Drake did as he was asked, and Cain settled himself opposite, positioning himself behind the room’s one and only desk. It was a cheap affair – metal frame with a wooden veneer top – but somehow his mere presence invested it with a sense of significance and authority.
The director of Special Activities Division studied Drake for several seconds. In other men, it might have seemed as if he was composing his thoughts, marshalling the information he wished to convey, but Drake knew better. Cain was the sort who always knew exactly what he wanted to say long before he said it.
He was keeping Drake waiting, because he could.
Then, at last, he started talking. ‘Her real name is Anya – at least, that’s what she answers to. You’ll have guessed by now that she isn’t a US citizen. She was born in Lithuania when it was still part of the Soviet Union, but she defected to our side when she was eighteen years old.’

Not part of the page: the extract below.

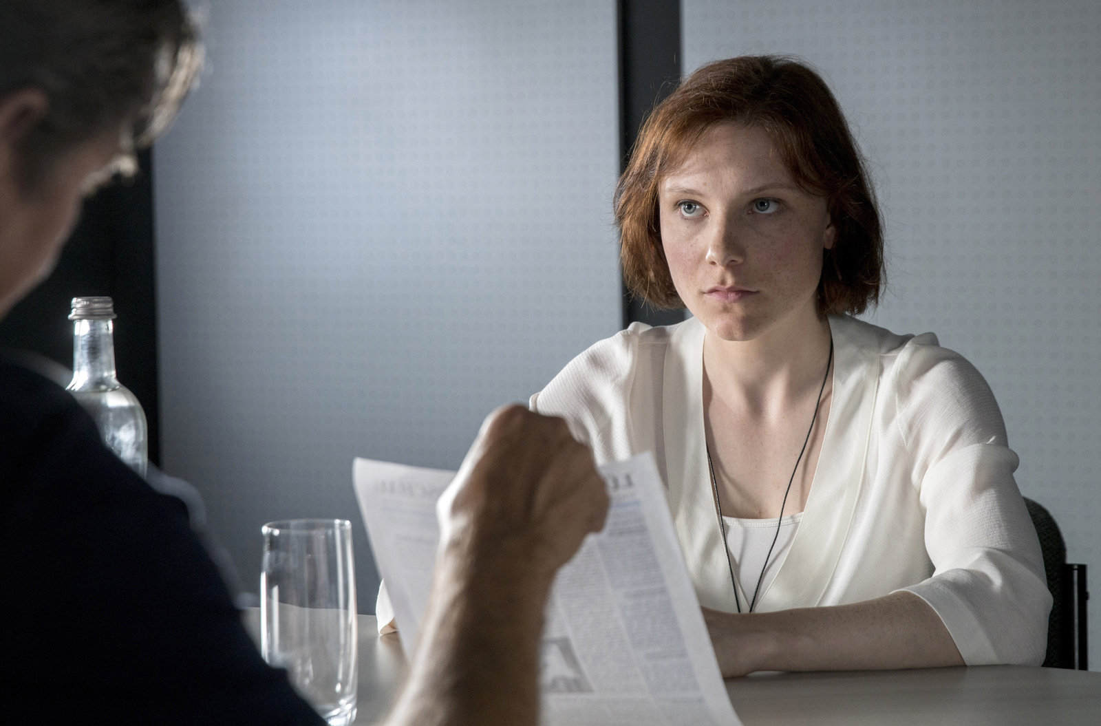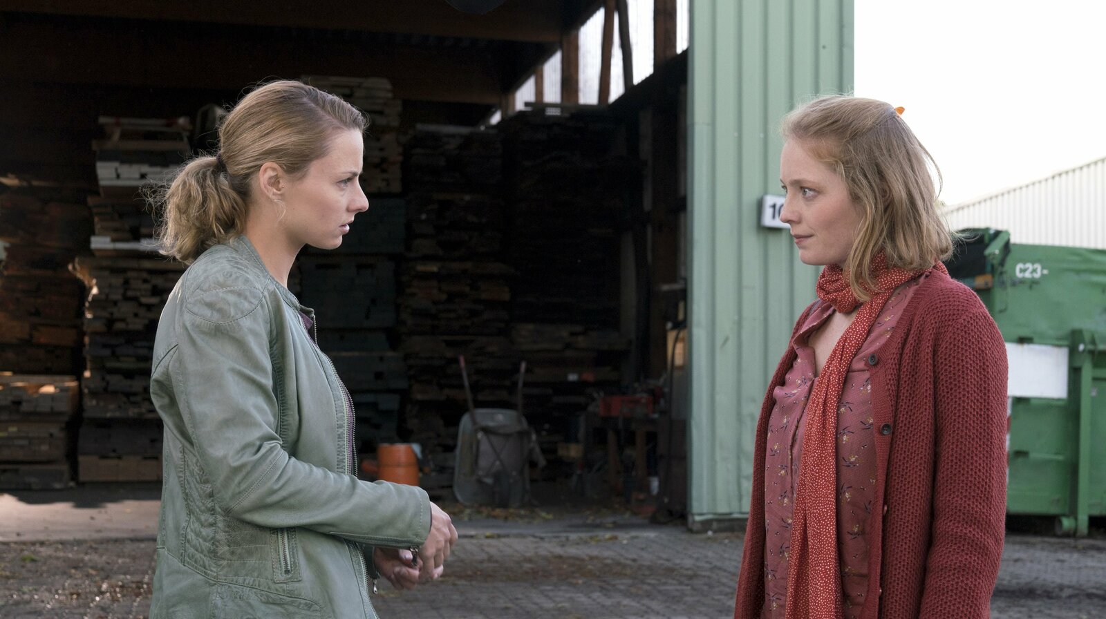 Jäger und SammlerNina (Julia Schäfle, r.) befragt Gaby Zinke (Leonie Benesch, r.). Die junge Assistentin der Geschäftsleitung war als einzige mit Georg befreundet.Bild: © ARD/Georges Pauly

Drake raised an eyebrow. ‘Why?’
‘It’s a long story. Suffice to say, she wasn’t happy with life behind the Iron Curtain, and knowing what I know, I don’t blame her. She crossed over the Baltic to Sweden in eighty-three, and from there she made her way Stateside. She came to our attention about a year later,’ Cain went on. ‘She was young, resourceful, intelligent and eager to sign up. The military wasn’t interested in her, so we put her to work.’ He sighed, looking almost wistful. ‘She exceeded our expectations in every way possible. Eventually she was even given her own paramilitary unit to command. No matter what we asked of her, she always came through. We ended up using her more and more.’